Once the pictures have been excluded, set down each remaining entry word for word.

[Start of Attachment]

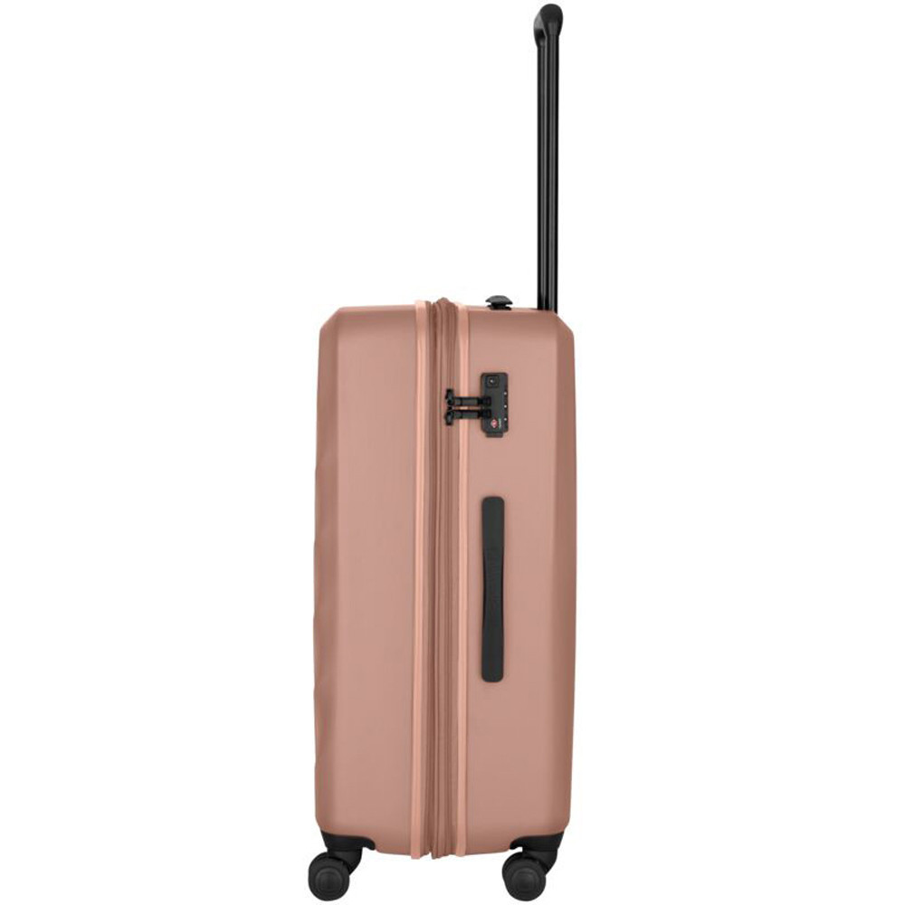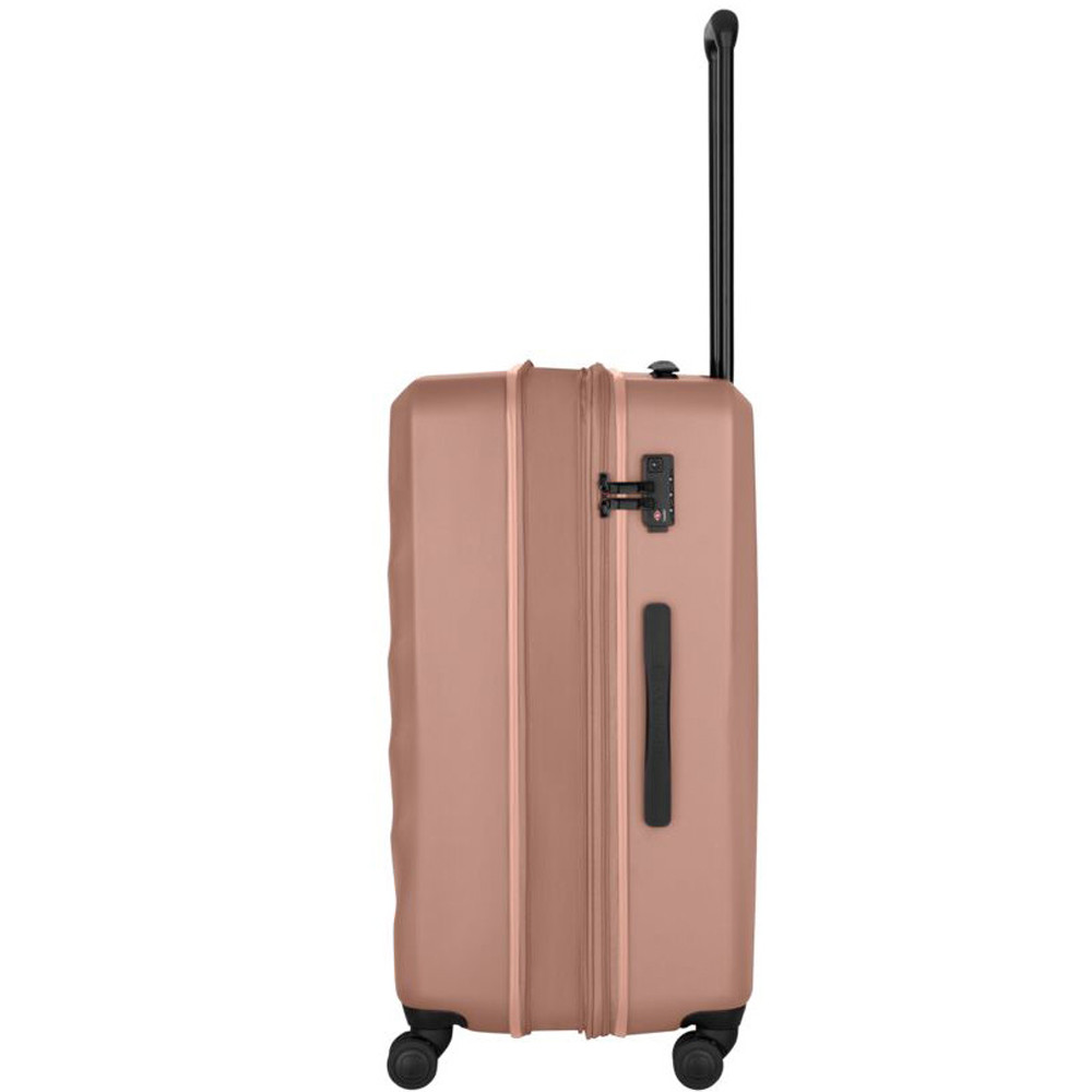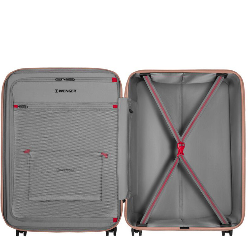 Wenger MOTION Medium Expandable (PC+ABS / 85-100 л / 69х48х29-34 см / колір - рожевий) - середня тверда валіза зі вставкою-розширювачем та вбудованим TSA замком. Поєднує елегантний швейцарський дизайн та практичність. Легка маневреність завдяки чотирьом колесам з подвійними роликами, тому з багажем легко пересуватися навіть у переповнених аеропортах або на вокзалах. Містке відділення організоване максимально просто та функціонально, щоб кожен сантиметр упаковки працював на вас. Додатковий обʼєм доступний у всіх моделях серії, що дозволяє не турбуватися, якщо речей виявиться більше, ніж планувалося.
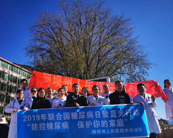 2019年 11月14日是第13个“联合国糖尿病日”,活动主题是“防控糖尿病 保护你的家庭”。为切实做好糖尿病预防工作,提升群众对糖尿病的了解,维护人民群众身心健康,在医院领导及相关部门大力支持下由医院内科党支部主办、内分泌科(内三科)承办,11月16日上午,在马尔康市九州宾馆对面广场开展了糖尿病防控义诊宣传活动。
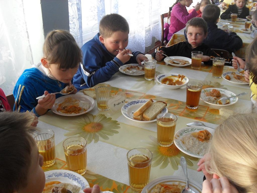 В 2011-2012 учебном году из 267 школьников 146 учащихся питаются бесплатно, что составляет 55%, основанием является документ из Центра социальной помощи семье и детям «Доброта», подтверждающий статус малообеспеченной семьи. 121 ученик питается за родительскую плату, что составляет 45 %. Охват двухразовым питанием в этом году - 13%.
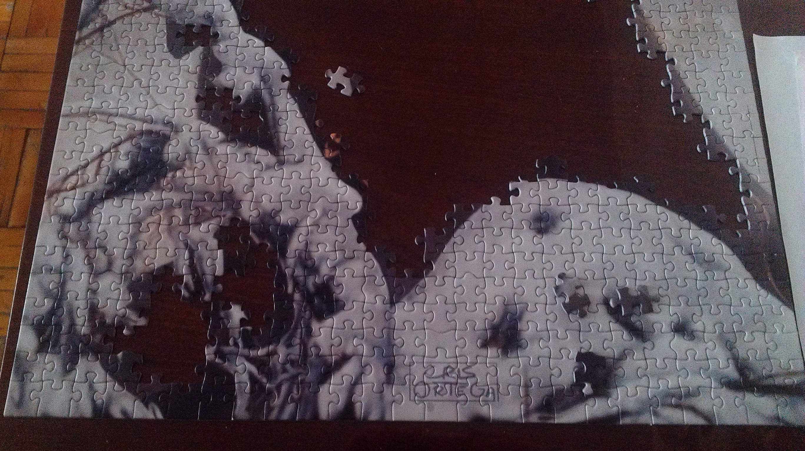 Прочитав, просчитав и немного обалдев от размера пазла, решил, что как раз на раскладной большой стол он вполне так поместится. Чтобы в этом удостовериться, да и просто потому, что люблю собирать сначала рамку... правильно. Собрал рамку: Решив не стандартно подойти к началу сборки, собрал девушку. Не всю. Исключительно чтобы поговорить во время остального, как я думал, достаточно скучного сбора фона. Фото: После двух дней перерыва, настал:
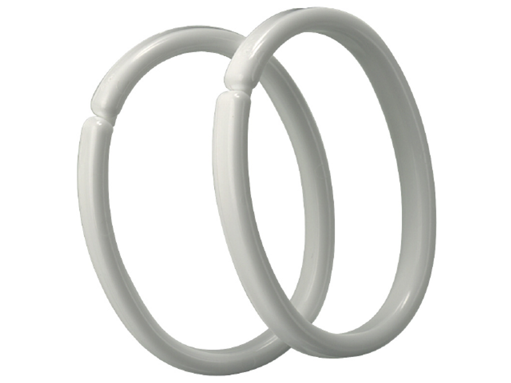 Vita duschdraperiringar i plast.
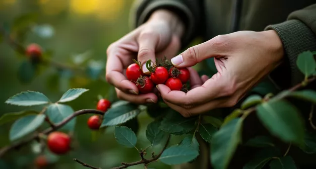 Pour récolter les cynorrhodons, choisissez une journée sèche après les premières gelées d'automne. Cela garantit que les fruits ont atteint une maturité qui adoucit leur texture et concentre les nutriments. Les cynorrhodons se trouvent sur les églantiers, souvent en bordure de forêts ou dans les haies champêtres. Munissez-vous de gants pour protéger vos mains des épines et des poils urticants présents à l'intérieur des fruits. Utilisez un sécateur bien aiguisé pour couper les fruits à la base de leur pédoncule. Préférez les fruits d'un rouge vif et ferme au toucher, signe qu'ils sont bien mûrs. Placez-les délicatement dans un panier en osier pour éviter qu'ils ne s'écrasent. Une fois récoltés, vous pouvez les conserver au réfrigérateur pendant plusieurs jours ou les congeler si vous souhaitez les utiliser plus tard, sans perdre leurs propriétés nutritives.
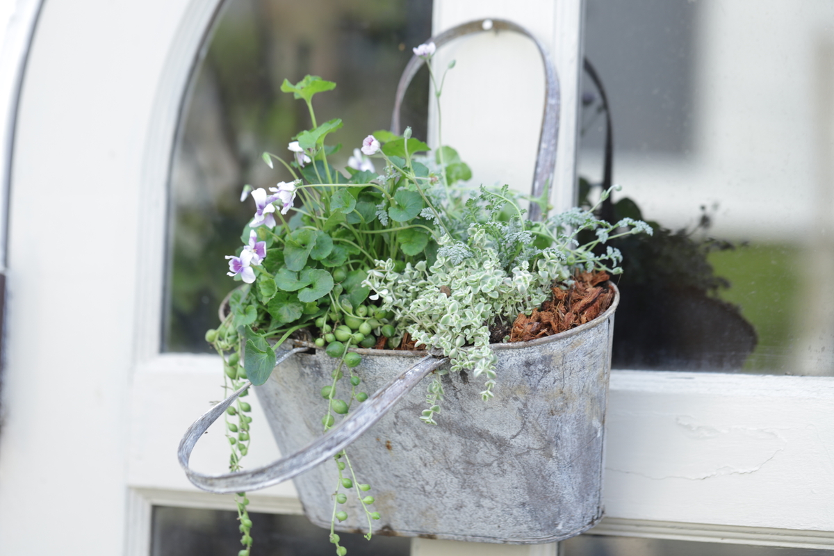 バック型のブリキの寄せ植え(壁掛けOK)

[End of Attachment]

Your solution =>
 Wenger MOTION Medium Expandable (PC+ABS / 85-100 л / 69х48х29-34 см / колір - рожевий) - середня тверда валіза зі вставкою-розширювачем та вбудованим TSA замком. Поєднує елегантний швейцарський дизайн та практичність. Легка маневреність завдяки чотирьом колесам з подвійними роликами, тому з багажем легко пересуватися навіть у переповнених аеропортах або на вокзалах. Містке відділення організоване максимально просто та функціонально, щоб кожен сантиметр упаковки працював на вас. Додатковий обʼєм доступний у всіх моделях серії, що дозволяє не турбуватися, якщо речей виявиться більше, ніж планувалося.
 2019年 11月14日是第13个“联合国糖尿病日”,活动主题是“防控糖尿病 保护你的家庭”。为切实做好糖尿病预防工作,提升群众对糖尿病的了解,维护人民群众身心健康,在医院领导及相关部门大力支持下由医院内科党支部主办、内分泌科(内三科)承办,11月16日上午,在马尔康市九州宾馆对面广场开展了糖尿病防控义诊宣传活动。
 В 2011-2012 учебном году из 267 школьников 146 учащихся питаются бесплатно, что составляет 55%, основанием является документ из Центра социальной помощи семье и детям «Доброта», подтверждающий статус малообеспеченной семьи. 121 ученик питается за родительскую плату, что составляет 45 %. Охват двухразовым питанием в этом году - 13%.
 Прочитав, просчитав и немного обалдев от размера пазла, решил, что как раз на раскладной большой стол он вполне так поместится. Чтобы в этом удостовериться, да и просто потому, что люблю собирать сначала рамку... правильно. Собрал рамку: Решив не стандартно подойти к началу сборки, собрал девушку. Не всю. Исключительно чтобы поговорить во время остального, как я думал, достаточно скучного сбора фона. Фото: После двух дней перерыва, настал:
 Vita duschdraperiringar i plast.
 Pour récolter les cynorrhodons, choisissez une journée sèche après les premières gelées d'automne. Cela garantit que les fruits ont atteint une maturité qui adoucit leur texture et concentre les nutriments. Les cynorrhodons se trouvent sur les églantiers, souvent en bordure de forêts ou dans les haies champêtres. Munissez-vous de gants pour protéger vos mains des épines et des poils urticants présents à l'intérieur des fruits. Utilisez un sécateur bien aiguisé pour couper les fruits à la base de leur pédoncule. Préférez les fruits d'un rouge vif et ferme au toucher, signe qu'ils sont bien mûrs. Placez-les délicatement dans un panier en osier pour éviter qu'ils ne s'écrasent. Une fois récoltés, vous pouvez les conserver au réfrigérateur pendant plusieurs jours ou les congeler si vous souhaitez les utiliser plus tard, sans perdre leurs propriétés nutritives.
 バック型のブリキの寄せ植え(壁掛けOK)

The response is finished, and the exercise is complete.